*** Opening Materials provided ***
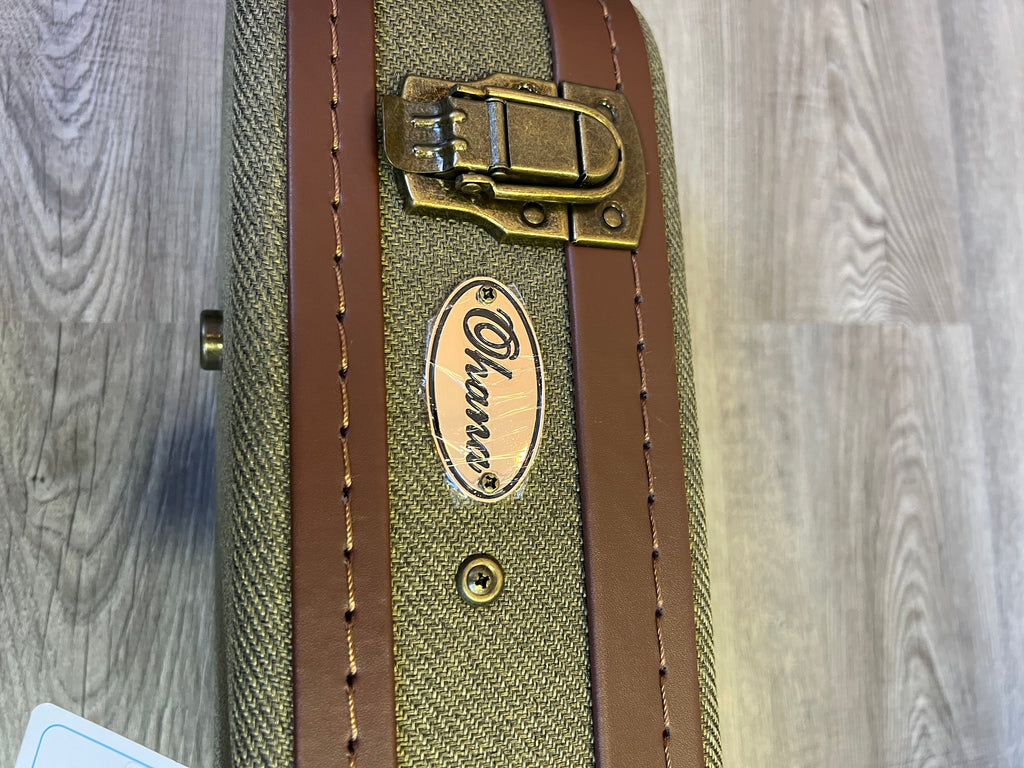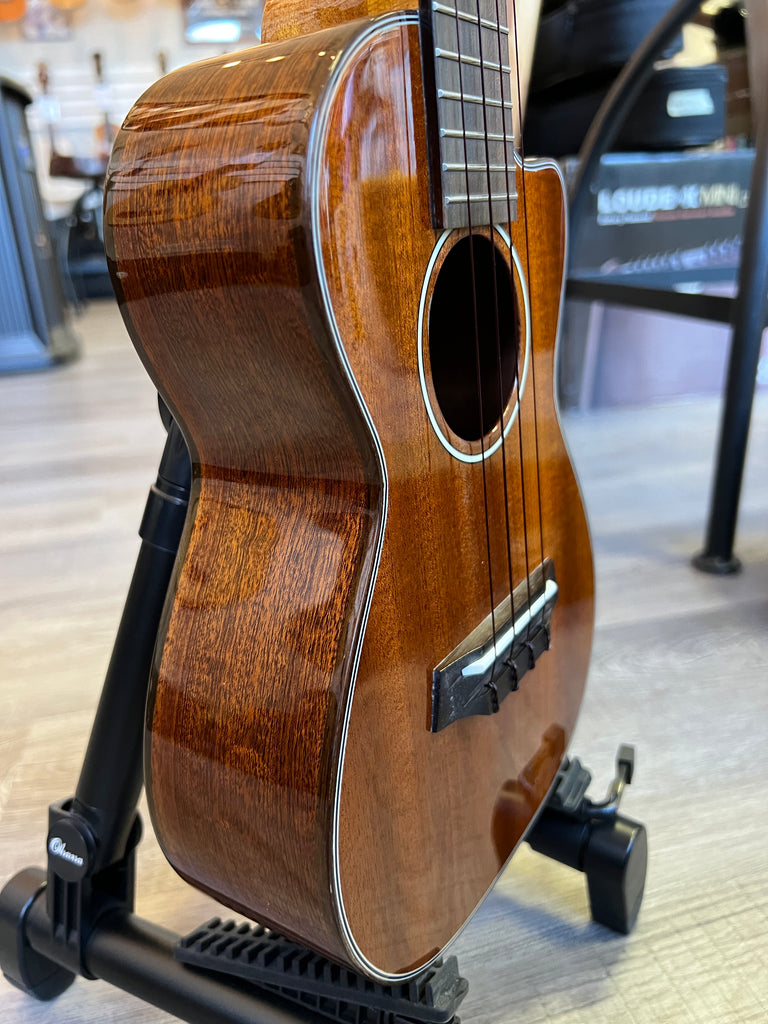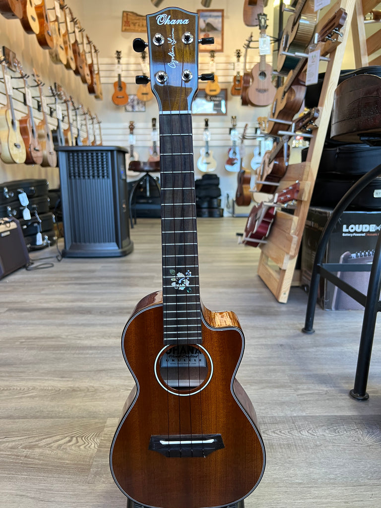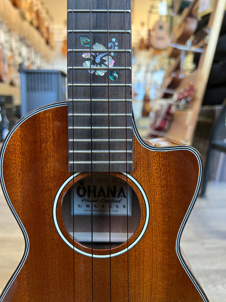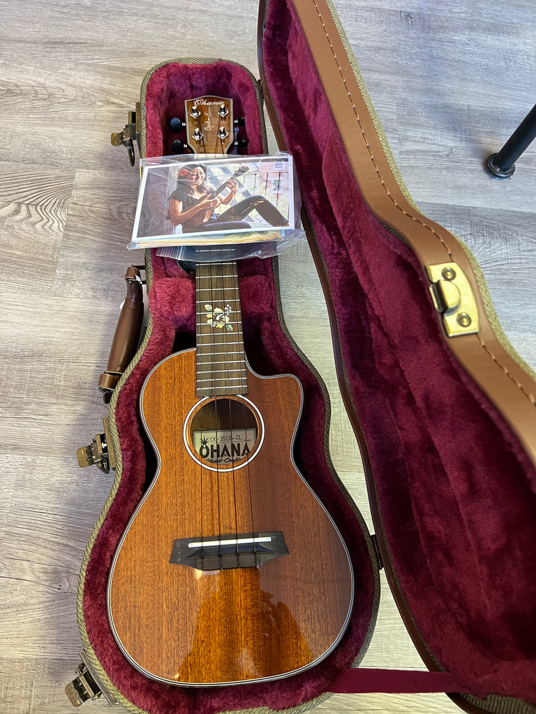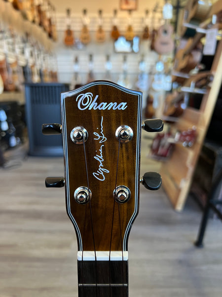 The Cynthia Lin solid wood signature model CK35-GC-CL is a gorgeous little concert ukulele from Ohana. Made from solid mahogany which gives it a nice big warm tone. It also has the Cynthia Lin signature inlay on the fretboard and her actual signature on the headstock. Like all Ohana's, the action is very comfortable and inviting to play for hours. Great looking solid wood uke comes with a deluxe hardshell case and a packet of goodies from Cynthia. Aloha !!
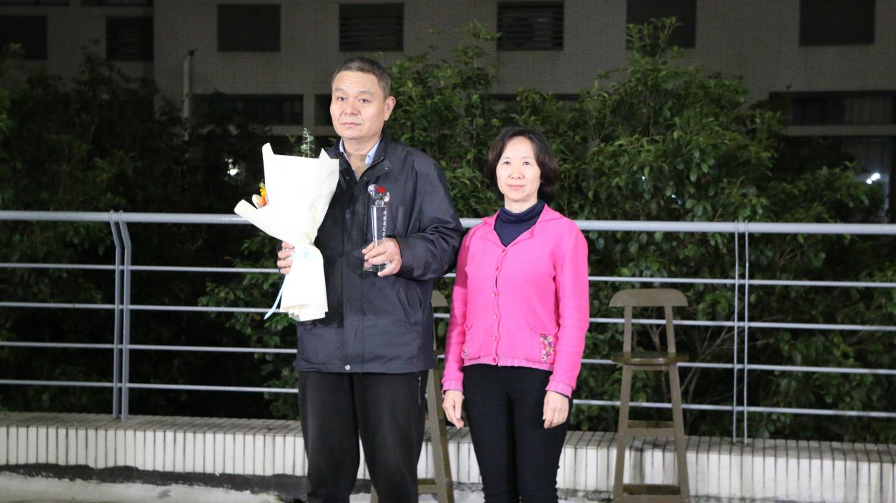 姚剑英代表全院师生为孙常晟师傅送上“田楼最美守护者”纪念杯
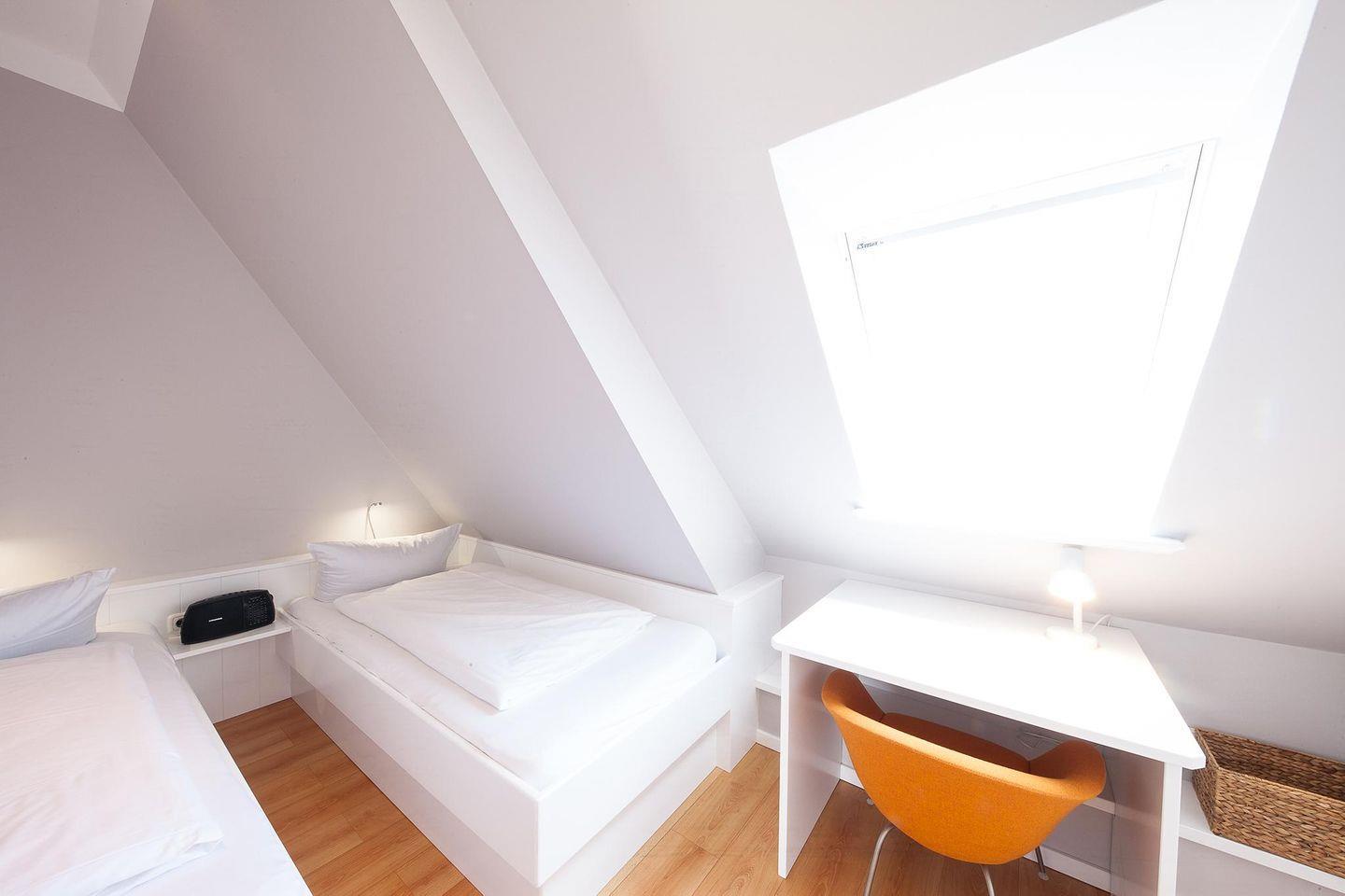 Schlafzimmer 2: Eingerichtet mit zwei maßgefertigten Einbau-Einzelbetten und kleinem Schreibtisch sowie einem Dachfenster.
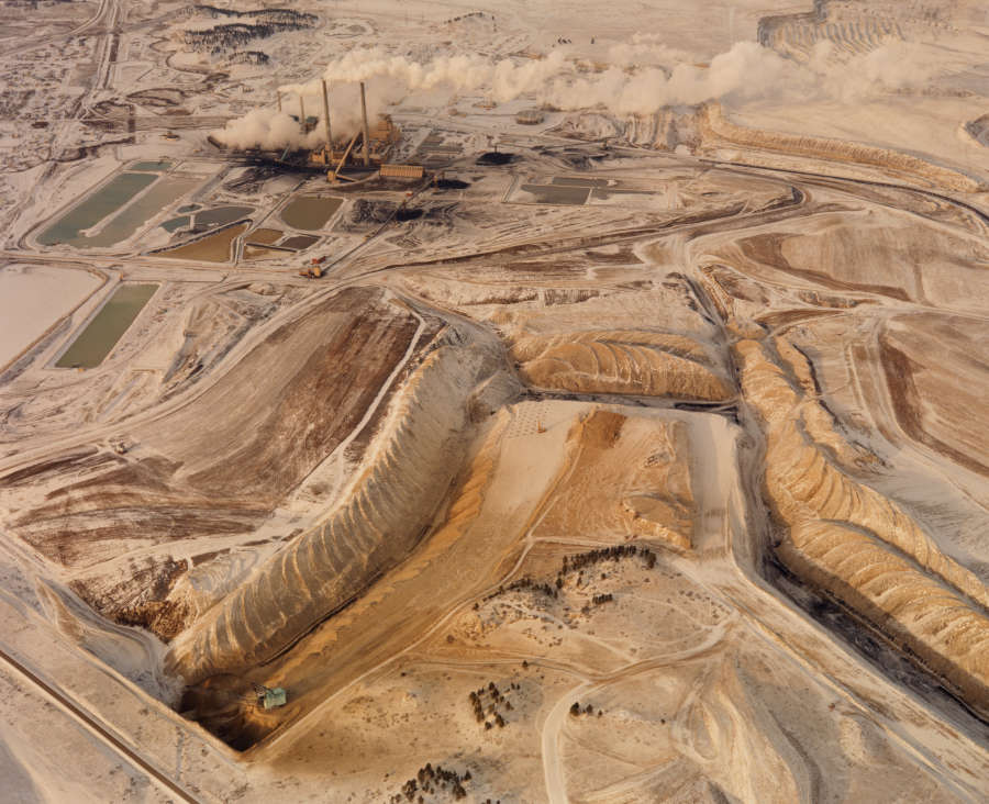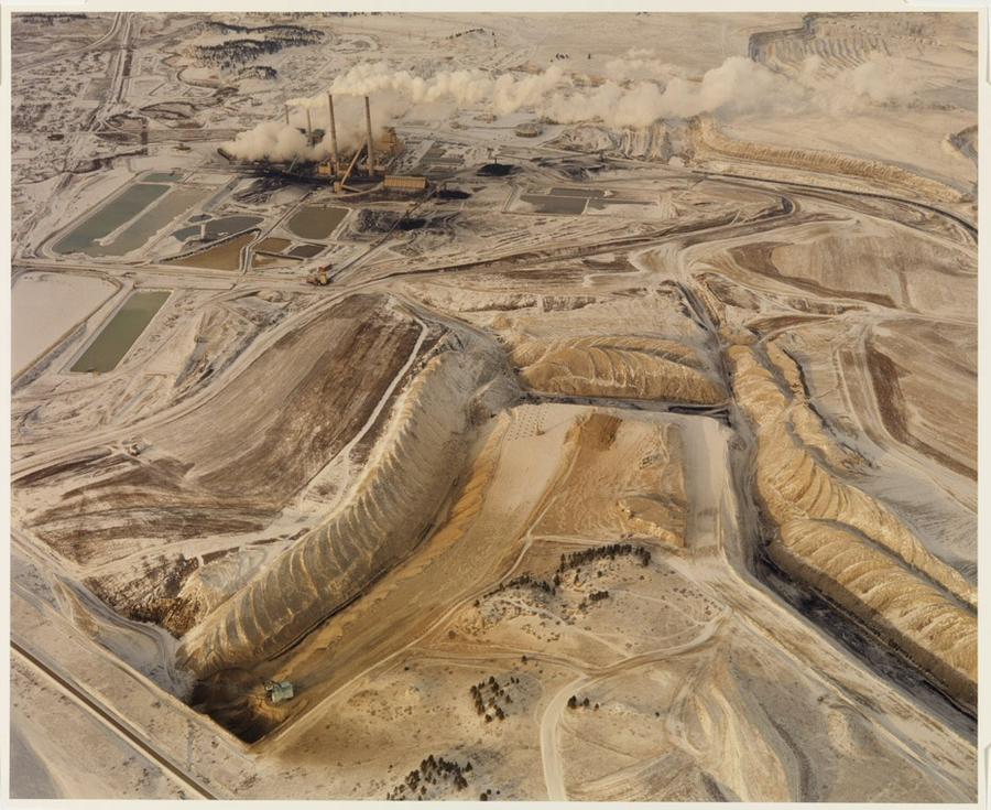 Signed in black marker LL: Colstrip Montana:Coal strip mine, power plant and waste ponds.January 1984.
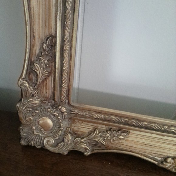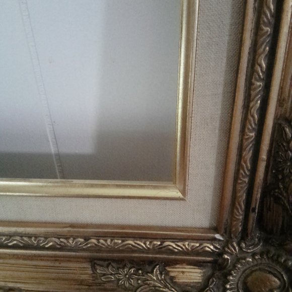 LAST MARK DOWN !!!!!!!!!!BEAUTIFUL GOLD FRAME WITH A WOOD INSERT COVERED IN LINEN.IWITH GOLD LINING INSIDE OF IT HAS TURNED A LITTLE YELLOW.I TRIED TO CLEAN IT THE BEST I COULD.I DIDN'T WANT TO MESS IT UP SO I LEFT IT UP TO THE BUYER.YOU WILL HAVE TO ATTACH THE INSERT.IM NOT SURE OF THE AGE.I RESEARCHED IT AND FOUND ALOT CLOSE TO THIS ONE.IM NOT SURE OF THE NAME.IT IS HAND CRAVED HAS BEAUTIFUL DETAIL.YOU CAN MAKE A 5X7 WITH THE INSERT OR WITHOUT THE INSERT THE WHOLE FRAME IS 13 3/4 X 15" 3/4" VERY UNIQUE FRAME.
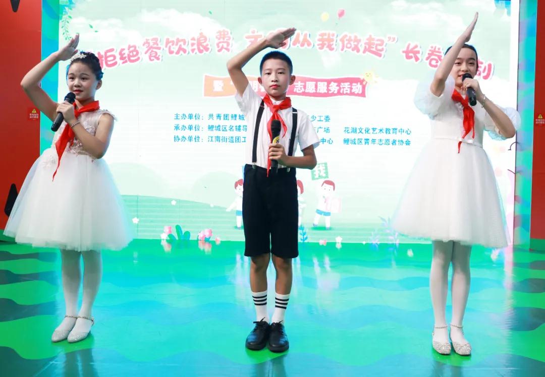 活動一開始,3名少先隊員率先登上舞臺,齊聲朗誦《厲行節約,反對浪費》,清脆的童聲在商場大廳回蕩。
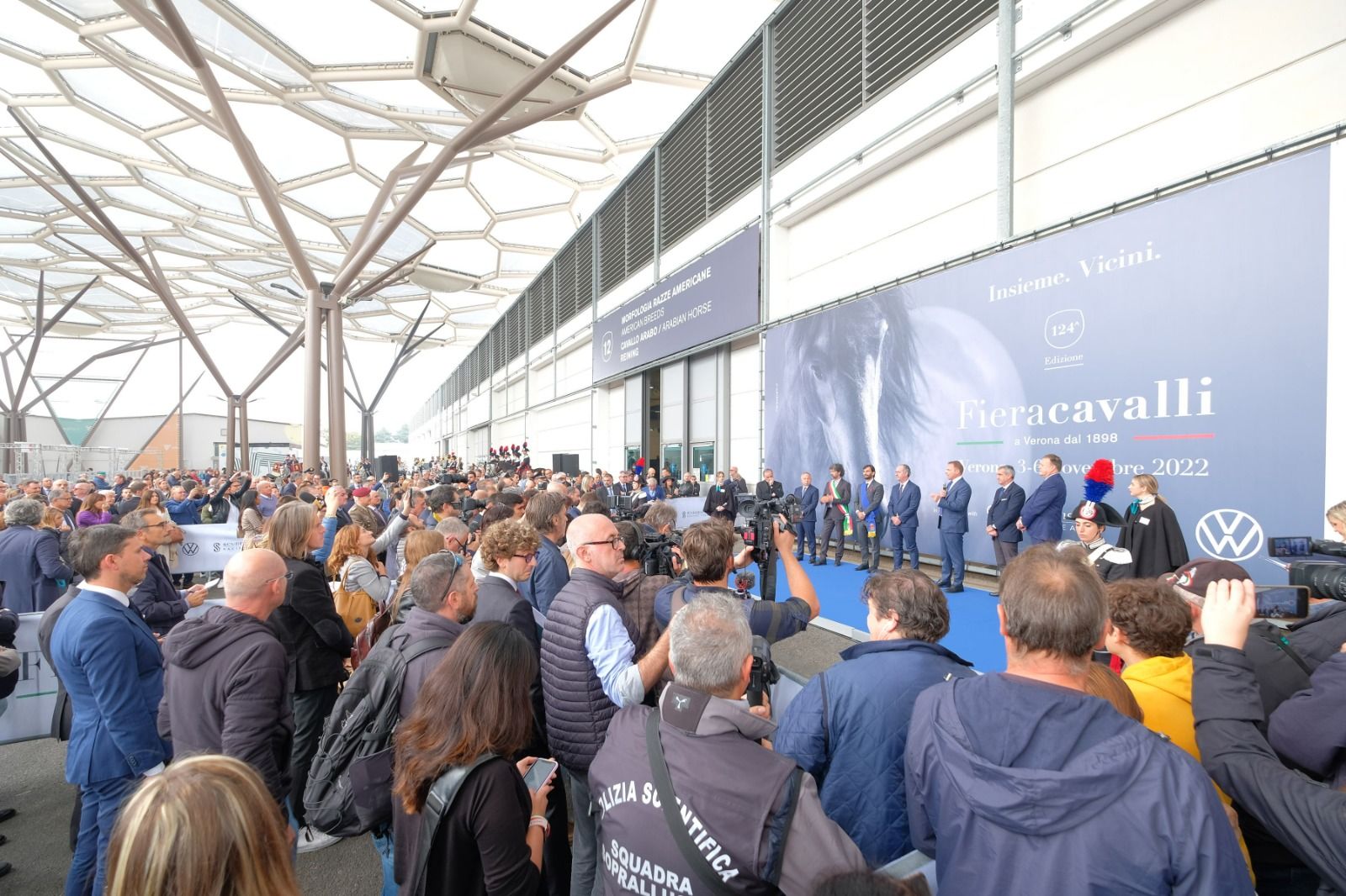 All’inaugurazione presenti anche Luca Zaia, presidente della Regione Veneto, Damiano Tommasi, sindaco di Verona, Manuel Scalzotto, presidente della Provincia di Verona, Federico Bricolo, presidente di Veronafiere, Maurizio Danese, amministratore delegato di Veronafiere, Marco Di Paola, presidente della Federazione italiana sport equestri, Carlo Ferro, presidente di Agenzia ICE, e Domenico Pompili, vescovo di Verona.
*** Closing Materials provided ***
■ Try it
Your copy should hold only the lines from the line with "LAST MARK DOWN" through the end of the data above, both ends included, transcribed exactly and without pictures.

■ Output for this task
 LAST MARK DOWN !!!!!!!!!!BEAUTIFUL GOLD FRAME WITH A WOOD INSERT COVERED IN LINEN.IWITH GOLD LINING INSIDE OF IT HAS TURNED A LITTLE YELLOW.I TRIED TO CLEAN IT THE BEST I COULD.I DIDN'T WANT TO MESS IT UP SO I LEFT IT UP TO THE BUYER.YOU WILL HAVE TO ATTACH THE INSERT.IM NOT SURE OF THE AGE.I RESEARCHED IT AND FOUND ALOT CLOSE TO THIS ONE.IM NOT SURE OF THE NAME.IT IS HAND CRAVED HAS BEAUTIFUL DETAIL.YOU CAN MAKE A 5X7 WITH THE INSERT OR WITHOUT THE INSERT THE WHOLE FRAME IS 13 3/4 X 15" 3/4" VERY UNIQUE FRAME.
 活動一開始,3名少先隊員率先登上舞臺,齊聲朗誦《厲行節約,反對浪費》,清脆的童聲在商場大廳回蕩。
 All’inaugurazione presenti anche Luca Zaia, presidente della Regione Veneto, Damiano Tommasi, sindaco di Verona, Manuel Scalzotto, presidente della Provincia di Verona, Federico Bricolo, presidente di Veronafiere, Maurizio Danese, amministratore delegato di Veronafiere, Marco Di Paola, presidente della Federazione italiana sport equestri, Carlo Ferro, presidente di Agenzia ICE, e Domenico Pompili, vescovo di Verona.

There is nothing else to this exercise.